Physics and optical applications of all-dieletric nanostructures

Editors
Prof. Zhanghua Han, Shandong Normal University, China
Prof. Sanshui Xiao, Technical University of Denmark, Denmark
Prof. Jin Xiang, Chongqing University, China

All-dielectric nanostructures have thrived in recent years as a promising and effective alternative to plasmonic nanoantennas to manipulate light–matter interactions at the nanoscale. With no material dissipation, in principle, and controlled radiation losses, all-dielectric nanostructures support a range of novel resonating phenomena including Mie resonances, bound states in the continuum, and anapole modes. Their advantages have been demonstrated in a range of novel applications (e.g. fluorescence enhancement, nonlinear optics, sensing).

In this thematic issue, we invite contributions on theoretical, numerical, and experimental investigations of various optical phenomena based on all-dielectric nanostructures, with an emphasis on the exploration of new resonating behaviors and novel applications of all-dielectric nanostructures to manipulate optical processes across the whole electromagnetic spectrum.

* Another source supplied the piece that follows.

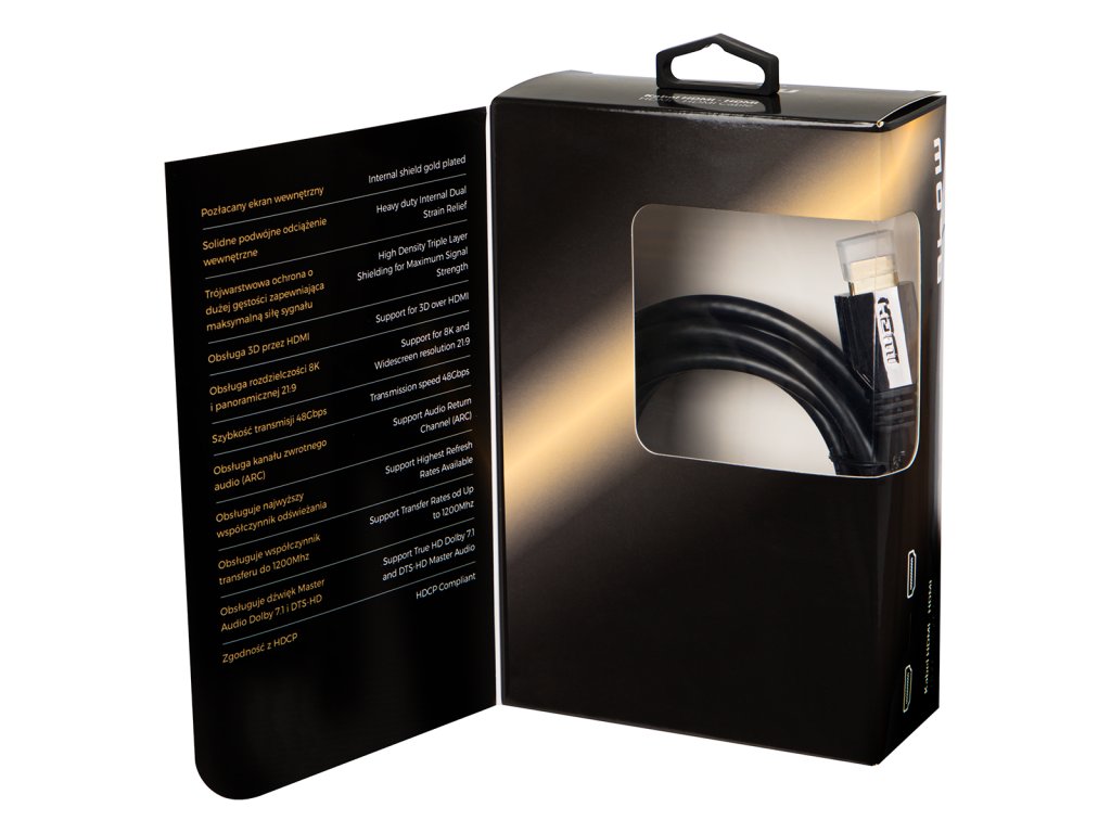 Kabel HDMI-HDMI v različici 2.1 je najnovejša različica HDMI tehnologije, ki podpira višje video ločljivosti in frekvenco osveževanja – med drugim tudi 8K, čeprav maksimalna ločljivost prenesenega slike znaša kar 10K! Izdelek je izdelan iz visokokakovostnih materialov z pozlačenimi elementi,zaradi česar je izjemno trpežen in močan.Poleg tega ima trojno zaščito, ki zagotavlja maksimalno moč signala.HDMI omogoča povezovanje vseh naprav, skladnih s standardom, audio/video, kot so DVD predvajalniki, Blu-ray, igralne konzole, računalniki, monitorji in digitalni televizorji. Video podatki se prenašajo s tehnologijo TMDS.Najpomembnejša značilnost HDMI vmesnika, razvit v letih 2000-2002, je, da omogoča povezavo med posameznimi audio/video napravami z enim kablom, pri tem pa ohranja najvišjo kakovost prenesenega zvoka in slike ter popolno funkcionalnost uporabljenih naprav, kar hkrati močno olajša kabliranje domačega audio/video sistema. To je veliko poenostavitev v primerjavi s prej uporabljenimi povezavami, ki so zahtevale širok nabor različnih kablov. Tehnologija se odlikuje po visoki kakovosti slike in zvoka ter možnosti prenosa slike v zelo visoki ločljivosti.Najpomembnejše značilnosti HDMI v različici 2.1:- Podpira višje ločljivosti, vključno z 8K in celo 10K! - Omogoča prenos podatkov do 48Gb/s - Podpira funkcijo eARC za še boljši zvok - Podpira dinamični HDR, ki zagotavlja izredno visoko kakovost slike - Podpora za VRR, kar pomeni spremenljivo frekvenco osveževanja slike, kar omogoča hitrejše prenašanje slikovnih okvirjev na televizor - Visokokakovostni materiali s pozlačenimi elementi - Trojna zaščita, ki zagotavlja maksimalno moč signala Specifikacija:- Dolžina kabla: 3m - Priključki: HDMI - Različica: 2.1

The submitted manuscripts are expected to contain, but are not limited to, the following topics:

Reviews on general nano-optics based on all-dielectric nanostructures.
Theoretical and numerical investigations of novel optical resonances.
Novel structure design to support controlled resonances.
Strong coupling of matter excitations and optical resonances.
Hybrid nanostructures involving both plasmonic and dielectric components.
All-dielectric nanoscale optoelectronic devices.
Applications of various resonances supported by all-dielectric nanostructures.

Submission deadline: December 31, 2022
(please contact the guest editors directly if you cannot meet this deadline)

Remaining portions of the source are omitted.